8-BAR

592 41 7
                                    

Selam. Bu kadar geç yazdığım için özür dilerim wattpadi tamamen unutmuşum.
Hikayeyi baştan okudum ancak hala kopukluklar olabilir.

İYİ OKUMALAR💜

•••••••••••••

Uğultulu uğultulu gelen rahatsız edici bir sesle açtım gözlerimi.
Beş dakikadır aralıksız çalan melodiyle birlikte kızarmış gözlerimi aralayıp yastığımın altındaki telefonu elime aldım.

Brendondan iki cevapsız arama vardı ve hala çalıyordu. Gözlerimi devirerek açıp kulağıma dayadım.
" Ne var orospu çocuğu ne!?" Diye hafif yüksek sesle söylendim.

O ise hiç bir şekilde alınmadığını belli eden bir şekilde " Kanka canım çok sıkılıyor yaa bir yerlere mi gitsek seninle." dedi.
Kaşlarımı kaldırarak
" Nereye mesela ?" diye sordum.

Pek düşünmeden heyecanlı sesiyle "Bara gidebiliriz!" dedi.
Şuan bara gitmeyi pek istermiydim bilemedim.
Henüz yeni atlatabilmiş olduğum bir bar mevzusundan dolayı tedirgindim.

" Yok ya. Ben hiç gelmiyim. Sen başkasıyla gitsen şimdilik?" Diye sordum Brendona bir umutla.

" Axel hayır. Geliyorsun bu sefer. Hep aynı şeyi yapıyorsun. "
dedi Brendon sitemkar bir sesle. Ardından ekledi. " Hem kötü bir şey yok bunda. Sadece iki dost takılacağız yani. Belki bir bira. Ne dersin?"

Tek elimle yüzümü ovuşturup düşündüm. Bugün cumartesiydi. Okul yoktu ve çalışmam gereken dersleri halletmiştim.
Annemle Ellaya ise endişelenmeli miyim bilemedim.
Ancak Brendonu uzun süre ektiğim ve birde üstüne davet olayında onun da başını yaktığım için kötü hissetmiyor değildim.

En sonunda kabullenmiş bir mırıltıyla
" Tamam gidelim. Kaçta gelirsin almaya?" diye sordum yataktan kalkarken.
" Max bir saate gelirim kanka!" diye heyecanla konuştu ve telefonu suratıma kapattı.

Bu hareketi üzerine piç diye mırıldanıp elimi yüzümü yıkamak için lavaboya doğru ilerledim.

°°°°°°

Ellerim cebimde, evimin önünde hazırlanmış bir şekilde bekliyordum. Bir saattir gelmiyordu piç.

Kıyafetlerimde çok özenmemiştim. Bir kumaş pantolon bir t-shirt ve bir ceket geçirmiştim üzerime.
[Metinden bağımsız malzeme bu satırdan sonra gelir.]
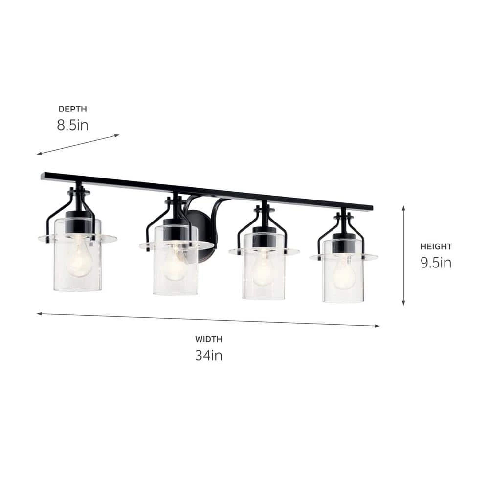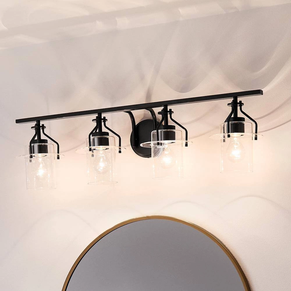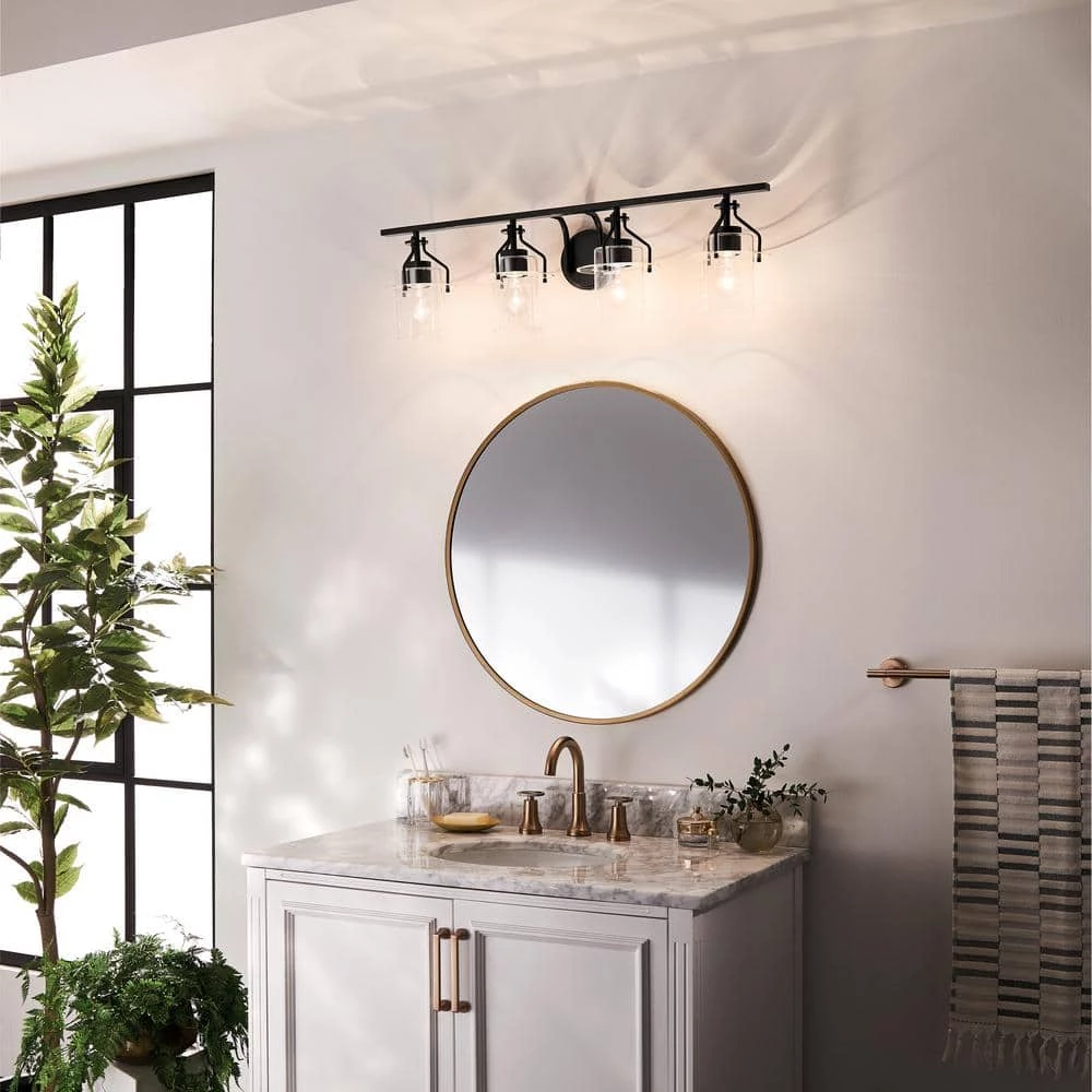 The Everett 34.25 inch 4 light vanity light adds a dash of industrial glam above your bathroom mirror. Four mini Clear Glass pendants are suspended from curved arms and a round backplate in Black. Look closely, and you’ll see delicate discs hold each pendant – and your attention.

En son derin bir of çekerken karşı sokaktan araba farının ışığını gördüm. Yavaş yavaş yanıma doğru sürdü arabayı. Arabanın yan kapısını açıp binerken bir yandan da söyleniyordum.
" Sonunda teşrif edebildiniz."

O ise beni hiç tınlamadan arabayı çalıştıp ağzında bir şarkıyla arabayı sürmeye başladı. Nereye gideceğimizi söylememişti. " Ee nereye gidiyoruz?" diye sordum ısıtıcıyı açarken. Soğuktu.

" Isabel' e gideriz diye düşündüm. İstersin değilmi?" Diye sordu gözlerini yoldan ayırmadan. Bu mekanı bilmiyorum. Bir şey demeden onu başımla onayladım.
Ve oraya varıncaya kadar gözlerimi dinlendirmeye karar verip başımı koltuğa yasladım.

°°°°

Bir on beş dakikanın ardından ısabel'e varmıştık. Brendon iki kişilik yer ayırtmış önceden birde duygu sömürüsü yapıyor piç.
Çok da umursamadan bize ayırtılan masaya gittim ve mayışık bedenimi koltuğa doğru bıraktım.

Brendon ise öncelikle barmene içecek söylemeye gitti. O gelene kadar etrafı incelemeye başladım.
Henüz çok dolu değildi mekan.
Tek tük insanlar belirli yerlere yerleşmiş. Kimi dans ediyor kimiyse sessizce oturmuş içkisini içiyordu.

İçerisinin dizaynını beğenmiştim. Mor pembe ve siyah renkler kullanılmıştı ancak karanlık durmuyor ve boğmuyordu hiç bir şekilde.
Duvarlar tablolarla süslenmişti ve tavan ışıklarla doluydu.
Havaya duman sıkılmıştı ve ışık gösterileriyle beraber görsel bir şölen oluşturuyordu.